The study showed that a large number of women who underwent hysterectomy had previously experienced severe abdominal pain after tubectomy or female sterilisation and, therefore, sought the help of private practitioners, who declared hysterectomy as the solution. They filed an appeal in the Supreme Court, which ordered the Union government to include hysterectomy in NFHS-IV for the first time.
One can also trace a link to this rise in hysterectomy operations with the govern-ment health insurance schemes. Take for instance Aarogyasri, which was introduced in (united) Andhra Pradesh in 2007.
Under the scheme, beneficiaries were offered healthcare coverage of up to Rs 1.5 lakh. Similarly, there is the Union government’s Rashtriya Swasthya Suraksha Bima Yojna. These schemes became controversial when thousands of women in Andhra Pradesh, Bihar, Rajasthan and a few other states were prescribed unwarranted hysterectomy.
During 2009-10, the total number of hysterectomies in (united) Andhra Pradesh was more than a million. But when the state government initiated restrictions on private hospitals for claim benefits under health government insurance schemes for hysterectomy, there was a fall. Surgeries dipped from 6,189 in 2010-11 to 4,943 during 2011-12, says a research paper published in Reproductive Health in 2018.
That’s where the private insurance companies entered the scene. For example in Beed, 99 private hospitals carried out 4,605 hysterectomies from 2016-17 to 2018-19, according to a committee headed by the district civil surgeon.
There is also a link between government health insu-rance and hysterectomy. Several reports have emerged from Andhra Pradesh, Telangana, Gujarat, Rajasthan and Chhattisgarh highlighting hysterectomy to be the leading reason for health insurance claims.
A study presented at All India Congress of Obstetrician and Gynaecology by Neelima Singh says that hysterectomy rate was high in villages which were connected to highways and having access to healthcare. “We think they are beneficial, but actually they are not. It is leading to over medicalisation,” she says. The women Singh spoke to did not have insurance and paid the bill through their hard earnings.
An analogy to hysterectomy can be found in C-section deliveries across India. A Comptroller and Auditor General of India (CAG) report in March 2017 found C-section deliveries had increased from 33 per cent in 2013-14 to 45 per cent during 2016-17 in Telangana.
Private hospitals were on the higher side (67 per cent) as compared to public health facility centres (33 per cent). The World Health Organization’s standard is 10-15 per cent. Medical corruption may be widespread, but the curious case of the missing wombs has not been reported. This when emerging science is debunking existing medical beliefs.

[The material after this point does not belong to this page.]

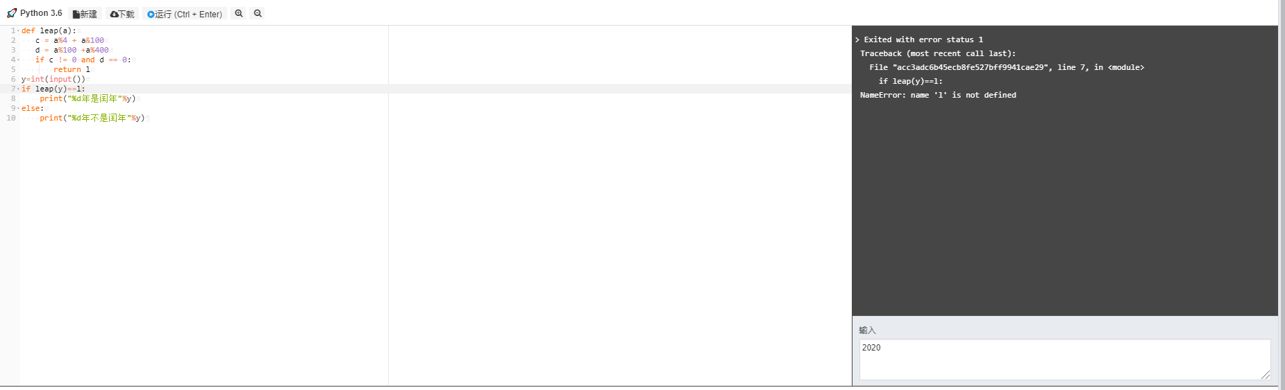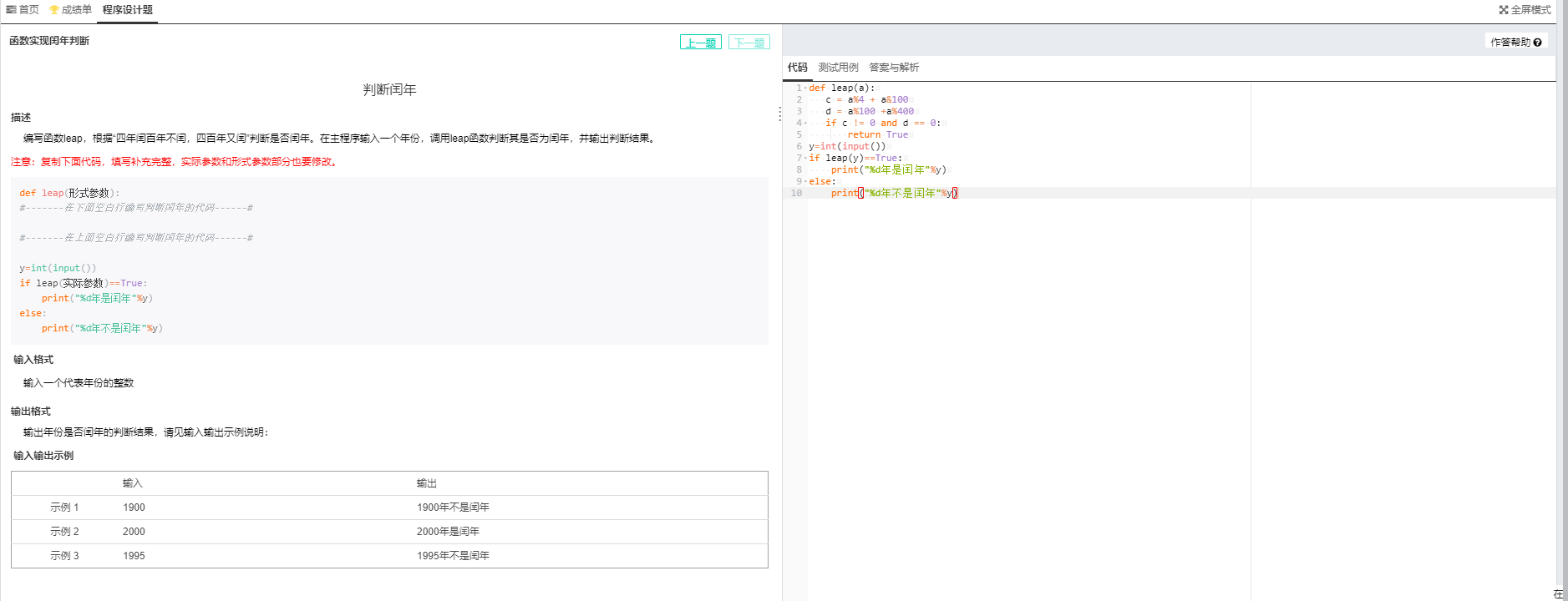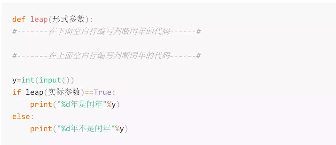 问题分析:明确解题思路,闰年的判断方法是:1.可以被4整除,但不能被100整除,2.可以被400整除。即只要满足这两个条件的任意一个皆可称之为闰年。使用了int函数,目的在于将字符串转化为整数。把闰年的判断条件写在函数内,符合条件使得其输出为True,再用if,else,判断函数返回是否为True,即可对应输出结果。

If medical ethics have been broken, intervention should also be surgical. Public awareness is needed for women of all ages. For instance, it must be taught to children at the school level itself that sanitation measures will make them healthier. This must be included in school curriculum.
Government audits must be conducted in areas which are reporting a high number of surgical operations and action must be taken. There is a need for guidelines to allow hysterectomy, says Gupta.
“Enacting the Clinical Establishment Act and including standard treatment protocols can ensure rationality of procedures in private hospitals, says Abhay Shukla, national co-convenor of the People’s Health Movement in India. “Regulations are neither strictly implemented nor action taken against errant doctors,” says Singh.
“If a private hospital is found to be doing high number of hysterectomies, there must be a clinical audit by the government,” says Manisha Tokale, president of Jagar Pratisthan, a social organisation in Beed district.
“Women rights organisations should use the courts so that such misogynistic practices are stopped,” says Supreme Court lawyer Ranjana Kumari. The government and the medical establishment must step in now.